New Zealand’s Jewish and Muslim communities plead for the Uighurs
Leaders of the New Zealand Jewish and Muslim communities have written to the country’s prime minister and foreign minister to join other countries in supporting China’s Uighurs calling their persecution as genocide.
The New Zealand Jewish Council’s president Stephen Goodman and Mustafa Farouk the president of the Federation of Islamic Associations of New Zealand penned a joint letter to Prime Minister Jacinda Adern and Foreign Minister Winston Peters expressing their “deep concern and anguish over the persecution of the Uighur population in the Xinjiang region of China”.

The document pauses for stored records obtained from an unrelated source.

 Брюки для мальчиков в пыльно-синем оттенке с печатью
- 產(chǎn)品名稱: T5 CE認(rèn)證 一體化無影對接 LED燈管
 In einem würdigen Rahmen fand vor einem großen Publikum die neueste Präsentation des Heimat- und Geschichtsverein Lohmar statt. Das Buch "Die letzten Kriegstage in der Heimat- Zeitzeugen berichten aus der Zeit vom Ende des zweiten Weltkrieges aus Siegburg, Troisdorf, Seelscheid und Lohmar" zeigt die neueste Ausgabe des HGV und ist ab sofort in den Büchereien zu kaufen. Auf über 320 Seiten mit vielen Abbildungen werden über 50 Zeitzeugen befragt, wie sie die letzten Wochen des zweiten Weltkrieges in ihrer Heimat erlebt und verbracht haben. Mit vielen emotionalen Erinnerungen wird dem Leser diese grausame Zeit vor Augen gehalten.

In the letter which mentions the Holocaust and quotes Auschwitz survivor Elie Wiesel they wrote: “Recently, there has been mounting and indisputable evidence of human rights atrocities being inflicted on the Uighur people by the government of the People’s Republic of China. This includes forced sterilisation of women, removal of children, torture, and repressive surveillance. Chinese citizens are being loaded into trains and transported to concentration camps, where they suffer abhorrent treatment, for no other reason than that their Muslim faith and their culture is considered undesirable by the regime. While there have been many grave human rights violations since the end of World War II, we have witnessed nothing of the nature, magnitude and sophistication of what the Uighur people are now suffering. We cannot say “we did not know”, because we do.
When we speak of the Holocaust and other genocides, we say “never again”. For these words to be more than a hollow slogan, indifference is not an option. We must not make excuses and we must take meaningful action.”

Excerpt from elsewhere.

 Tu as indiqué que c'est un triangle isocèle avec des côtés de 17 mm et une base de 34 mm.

They pleaded: “We ask that the Government shows the moral leadership that New Zealand is known for, including after the Mosque attacks of last year, and urgently join with the United Kingdom and other allies in taking a stand, whether that be through sanctions or some other form.
And we must call this persecution what it is – Genocide.
We remember the Auschwitz survivor Elie Wiesel who said: ‘Sometimes we must interfere. When human lives are endangered, when human dignity is in jeopardy, national borders and sensitivities become irrelevant. Wherever men and women are persecuted because of their race, religion or political views, that place must – at that moment – become the centre of the universe’.”